REQUIREMENT> Copy task, pictures excluded: set down exactly the lines from the one containing "O terceiro item" to the end of the data below.

PROVIDED MATERIAL>
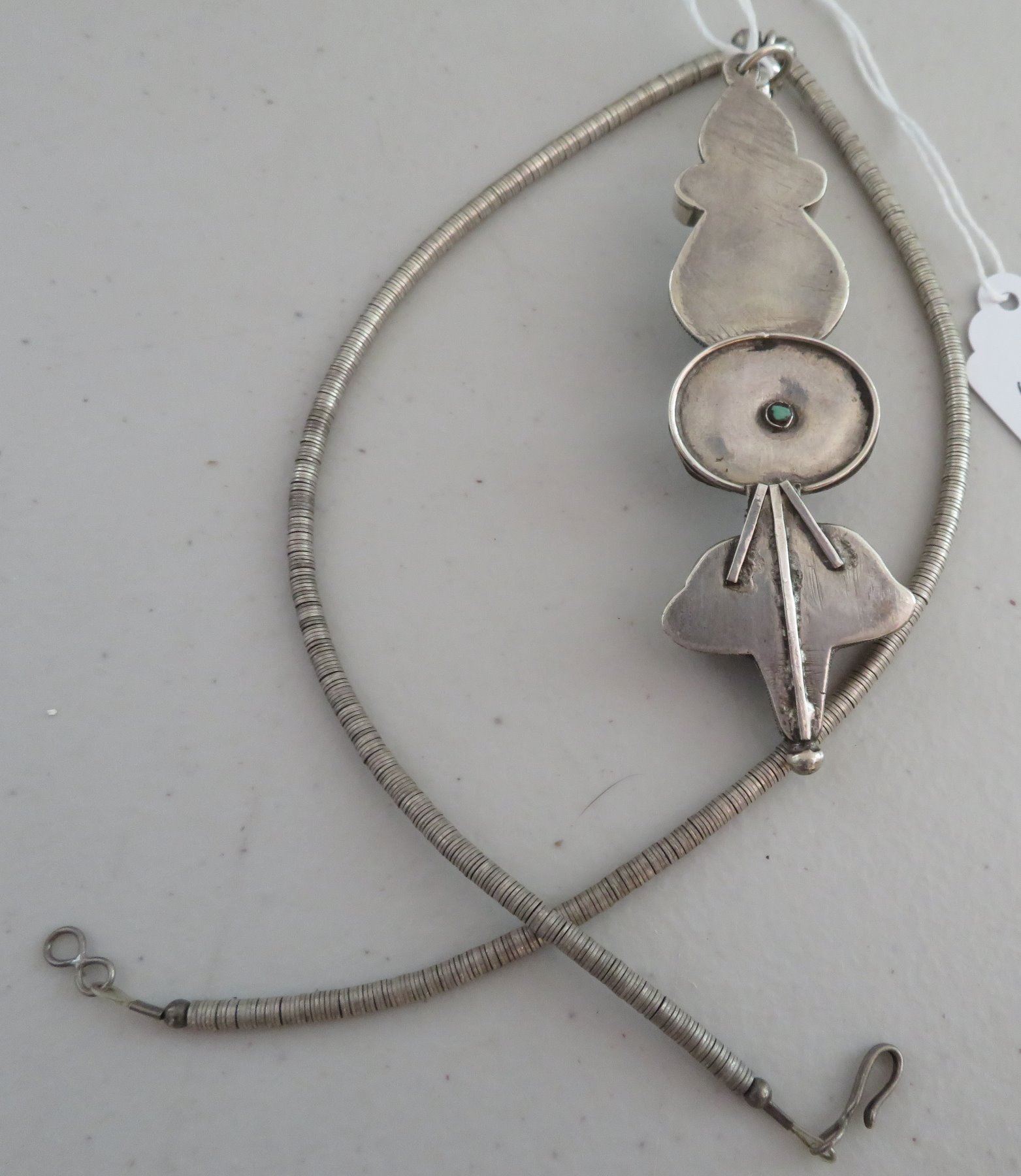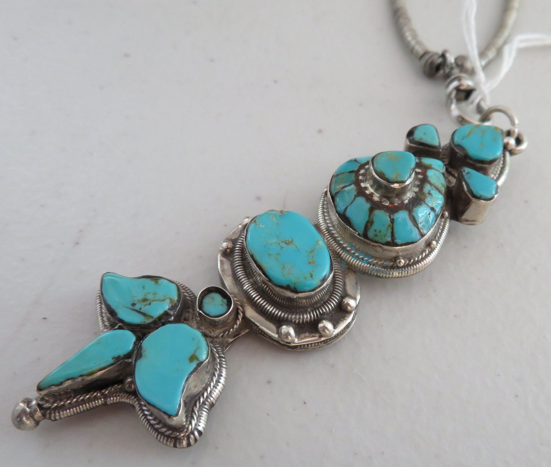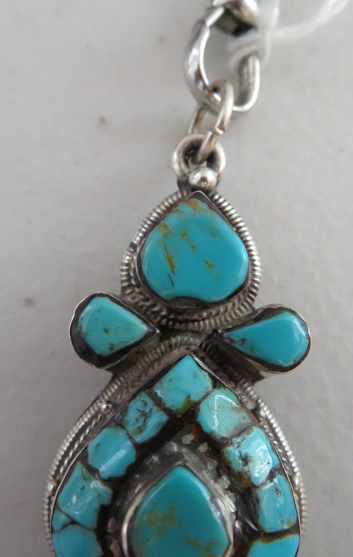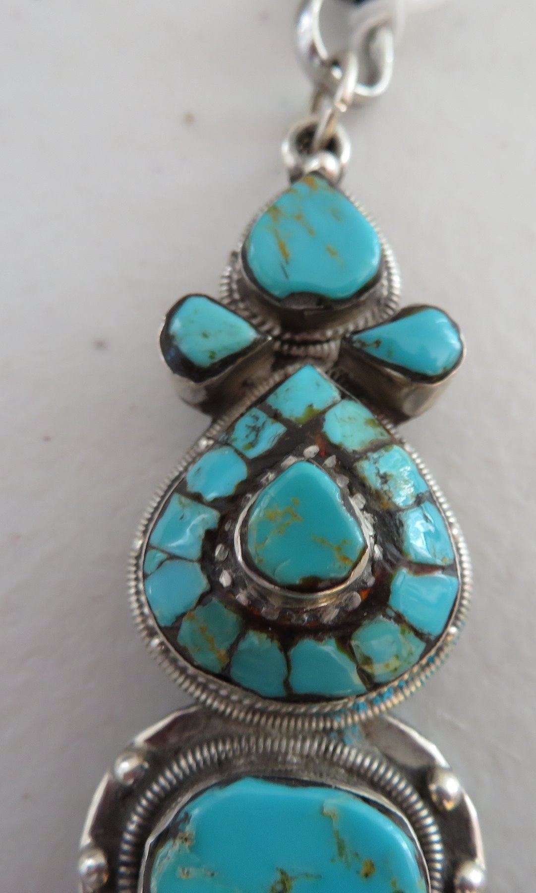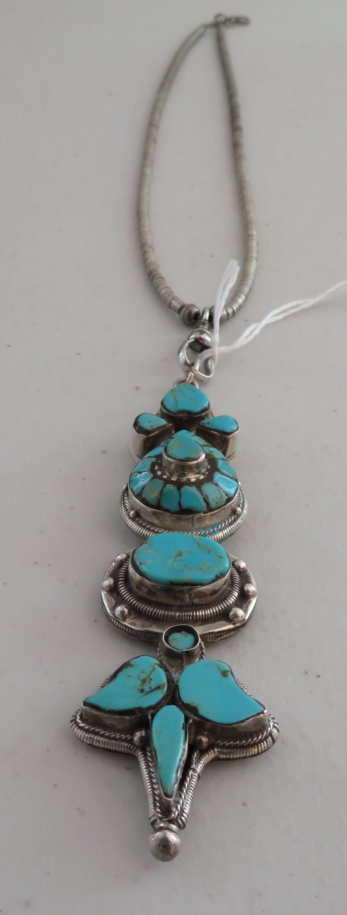 Sterling Silver & Turquoise Necklace, c. 1940s. Made of sterling silver and turquoise, the item hangs 13" w/pendant, and pendant measuring 1 1/8" 3 3/4" x 3/4". Nice inlay on pendant with silver beading. Condition: Good, patina, see images. Shipping: $15.50 w/insurance and signature.
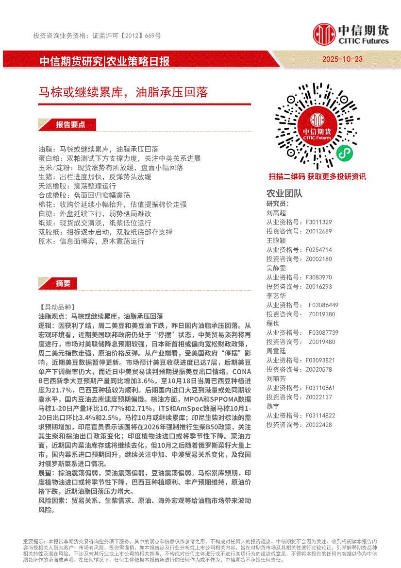 中信期货-农业策略日报:马棕或继续累库,油脂承压回落-251023
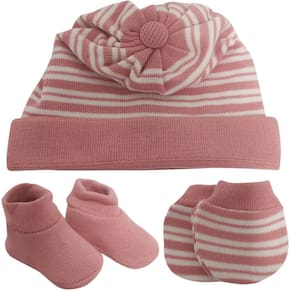 O terceiro item do kit são as luvas de tricot, que são projetadas para proteger as mãos delicadas do bebê. Elas são macias e confortáveis, permitindo que o bebê mova as mãos livremente enquanto permanece aquecido. As luvas também possuem um design encantador, combinando com o restante do conjunto e proporcionando uma aparência completa e harmoniosa.
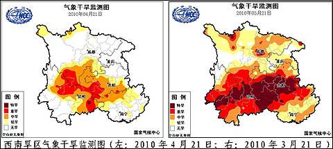 另外,4月21日農業干旱綜合監測結果表明,云南中北部和東部、貴州西南部、四川南部、廣西西北部存在中至重度干旱。與3月21日監測結果比較,貴州西南部、云南東南部、廣西西北部農業干旱得到緩和,云南西部和南部偏西地區、廣西中東部農業干旱得到緩解。

RESPONSE>
 O terceiro item do kit são as luvas de tricot, que são projetadas para proteger as mãos delicadas do bebê. Elas são macias e confortáveis, permitindo que o bebê mova as mãos livremente enquanto permanece aquecido. As luvas também possuem um design encantador, combinando com o restante do conjunto e proporcionando uma aparência completa e harmoniosa.
 另外,4月21日農業干旱綜合監測結果表明,云南中北部和東部、貴州西南部、四川南部、廣西西北部存在中至重度干旱。與3月21日監測結果比較,貴州西南部、云南東南部、廣西西北部農業干旱得到緩和,云南西部和南部偏西地區、廣西中東部農業干旱得到緩解。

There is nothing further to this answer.